Figure 89-4. A: Color power Doppler shows a severe stenosis at the origin of the internal carotid artery. B: The peak systolic velocity is 497 cm/s, correlating to a >70% stenosis.



Table 89-1 Duplex Ultrasound Criteria for Carotid Artery Stenosis



TREATMENT OF CAROTID ARTERY OCCLUSIVE DISEASE


Patients with carotid artery occlusive disease are placed into two main categories: asymptomatic or symptomatic. A recent (<6 months) TIA, stroke, and amaurosis fugax are considered symptoms of occlusive carotid disease. These patients have the highest risk of recurrence of symptoms or possible ipsilateral stroke. In patients who have a TIA, 15% will go on to a CVA, 10% within 90 days.7 Several studies have examined the risk reduction of stroke with medical and surgical management.


SYMPTOMATIC


Patients with symptomatic lesions are at the highest risk of ipsilateral stroke, and the degree of stenosis corresponds with the risk. Validated in multiple trials – most prominently in the North American Symptomatic Carotid Endarterectomy Trial (NASCET) study – the degree of stenosis was correlated with Stroke risk. A stenosis <50% was unlikely to cause neurologic manifestations. In patients with >50% stenosis, those treated with medical therapy were more likely to progress to ipsilateral stroke than those that underwent surgical management. This benefit to surgical intervention was highest in the 70% to 99% stenosis range.
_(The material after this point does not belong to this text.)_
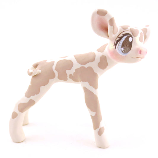 Soft Brown and Cream Holstein Cow Figurine - Polymer Clay Cottagecore Animals
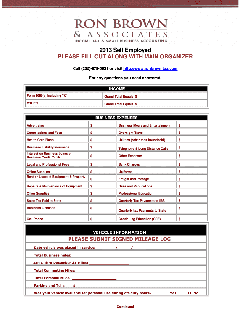 2013 Self Employed PLEASE FILL OUT ALONG WITH MAIN ORGANIZER Call (205)9795621 or visit http://www.ronbrowntax.com For any questions you need answered. INCOME Form 1099(s) including K Grand Total

In the NASCET study, symptomatic patients were assigned to medical therapy or endarterectomy with symptomatic disease and a stenosis >50%. After 2 years, there was a significant reduction in ipsilateral stroke in those who underwent a CEA ([50% to 69% stenosis: 22.2% in medical patients and 16.7% in surgical patients over 5 years] and [70% to 99% stenosis: 26% in medical patients and 9% in surgical patients over a 2-year period]).14 The European Carotid Surgery Trial (ECST) showed similar findings for severe stenosis, however, no benefit was found to surgery over medical management with mild stenosis.15 Medical therapy has advanced since the NASCET trial with the introduction of improved antiplatelet medications such as clopidogrel, and HMG-CoA reductase inhibitors. In the NASCET trial, aspirin was the medical therapy that surgery was compared against. Aspirin is an important medication in secondary stroke prevention. It can be used alone or in combination with dipyridamole or clopidogrel. Most neurologists recommend aspirin and clopidogrel in symptomatic patients for prevention of stroke until surgical intervention is performed. Statins lower stroke risk by 30% by plaque stabilization and are important for the reduction of stroke.16




Figure 89-5. A carotid angiogram with digital subtraction angiography reveals a patch repair after prior endarterectomy.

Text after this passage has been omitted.